A colostomy is a type of surgery that creates an opening that’s called the stoma. This is something that goes from the large intestine towards the outside of the abdomen. This helps with solid waste and gas, leaving the body without going through the rectum. The waste is collected in a small pouch you wear outside the body.
The large intestine is made up of the rectum and the colon, and it is connected to your small intestine. The small intestine will digest and absorb the nutrients that are absorbed to the blood vessels, including your proteins, fats, carbs, and of course the rest of the food moves from there into the colon, which absorbs the water from that waste and stores it until you have your next bowel movement.
So why would you need a colostomy? Well, this is to bypass and remove a part of the lower intestine that’s there. that’s because the large intestine may be damaged and blocked, a part of the large intestine must be surgically removed in the event of cancer and the like, or there is a ruptured colon that causes and infection in the abdomen. People with types of cancers that may be a part of that area might need a colostomy. Sometimes people being treated for ovarian, prostate, uterine, and cervical cancer might need it. Those with Crohn’s disease and UC, or even polyps that may be cancerous may need this.
How long does it need to happen? Well, sometimes they are temporary and only a few months, but most of the time they are permanent options for people.
You can get a few types of these. The most common one is the sigmoid colostomy, and this is usually where the bottom part of the colon moves to the rectum. This stool that’s made is far more solid than the rest of the colostomies.
You can get a transverse one too, and this one crosses near the top area of your abdomen. Stool in this is much more soft, and usually that’s because a small part of the colon has absorbed the water from the indigestible parts of this. usually this has a few different versions.
Then there is the descending one that goes down the left side of the abdomen, and the stool there is much firmer because it moved through the parts of the colon which worked.
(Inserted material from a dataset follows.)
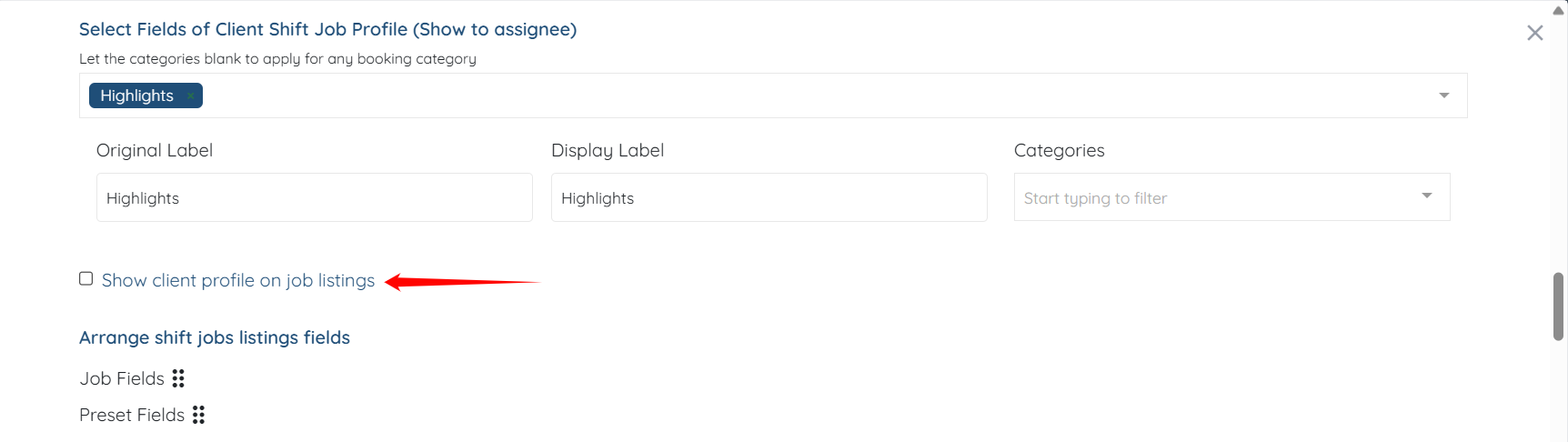Step 5: Check the Show client profile on job listings checkbox.

Finally you have the ascending colostomy, which goes from the beginning of your large intestine over to the right side of the abdomen. In this, only part of the colon will work, so a little water is absorbed, and usually this is liquid. Usually if this has to happen, you’ll get an ileostomy.
When you have this surgery, you will be given general anesthesia, and the surgeon will attach one part of your colon to your stoma, and then of course, a colostomy bag will be put over it. You will learn how to take care of your stoma and change and empty the stoma pouch after you’ve woken up from surgery.